Shoe size:5 in chucks, 7 1/2 -8 1/2 in women's.
5 Favorite Bands:Amalgam, Lacuna Coil, Daphney love's Durby, Van Morrison, The Ataris
5 Favorite Movies:The Hannibal series, Donnie Darko, Garden State, The Notebook, The Goonies
5 Favorite Books:The Theif Lord, LOTR, Romeo and Juliet,Just Ella, Strange and Amazing Facts
Motto:Love is always the exception.
Why you picked this community:Because I'm incharge (;
Tell us a joke:This is a funny story, not a joke:
Yesterday a good friend of our family and his wife were at my house, and his wife had been drinking daquaris all day. And her husband was making her mad, so she decided she was going to ride her bike home. Mind you, she only lives a few blocks away. So, she gets across the street and goes to get on her bike and falls over into some bushes. It was hilarious. And she got up and went swerving down the street. It was pure hilarity.


What would you do if:
Someone dropped a pen and waited until you reached to help pick it up, and screamed, “That’s mine!”:Take it and hit them with it.

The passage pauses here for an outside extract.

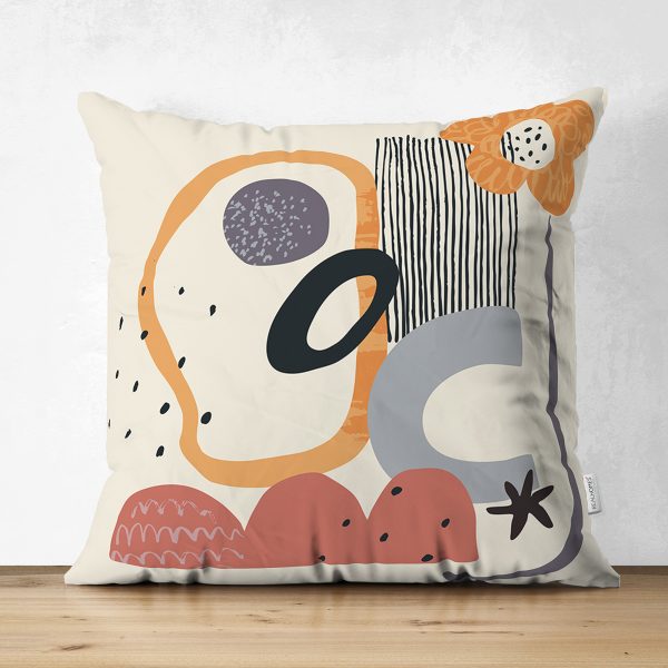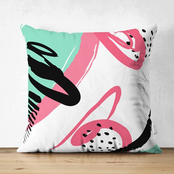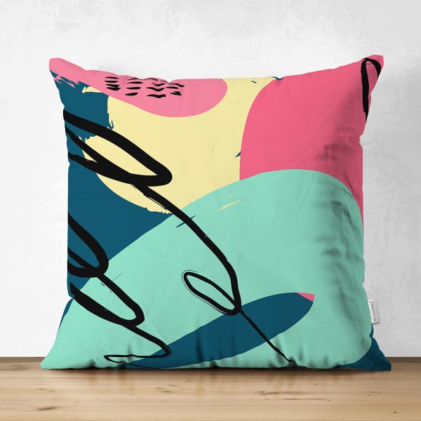 Çift Taraflı Renkli Zemin Üzerinde Soyut Çizimli Modern Geometrik Desen Süet Yastık Kırlent Kılıfı

Your Roommate became a mime:Throw them out
Someone whacked your toupee off:You're not supposed to know I have one of those.

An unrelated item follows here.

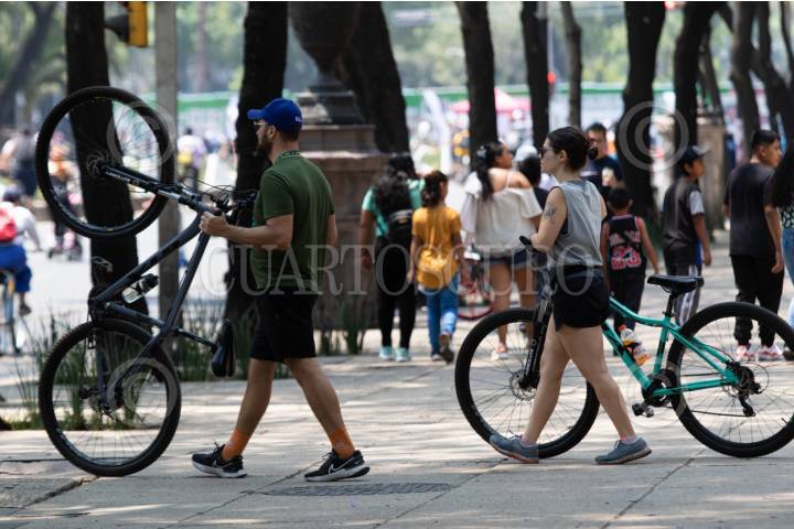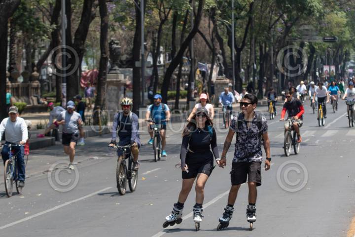 CIUDAD DE MÉXICO, 31MARZO2024.- Capitalinos participaron en el Paseo Ciclista esto a pesar de las altas temperaturas que se dejaron sentir en la ciudad. FOTO: MOISÉS PABLO/CUARTOSCURO.COM

You saw a snickers candy bar [unwrapped] in the school toilet: Leave it for someone else to find
Your date repeated every third word they said:Start stuttering and twitching

Answer these:
Why did the chicken cross the road?Because he was going somewhere
How do you keep an idiot busy for hours and hours?Give him a shinny guitar
What's the dumbest thing you've ever said/done?"If you ever get a boyfriend..."

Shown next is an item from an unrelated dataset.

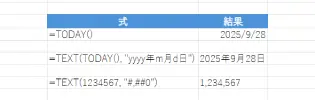 年月日(スラッシュ) | "yyyy/mm/dd" | 2025/09/28 | スラッシュ区切りで表示 |

What exactly is the fossil farm?And old people's home
Can you really build a cow?I've done it
Should Vegetarians eat animal crackers?Certainly
If a turtle doesn't have a shell, is he homeless or naked?A little of both
When sign makers go on strike, is anything written on their signs?Maybe..
Would a fly without wings be called a walk?No, that's stupid

The End
Did you enjoy this?Of course I did
Promote us; show us where you promoted:I'll get around to it
4 Pictures [atleast 2 of you]:Look on the main page.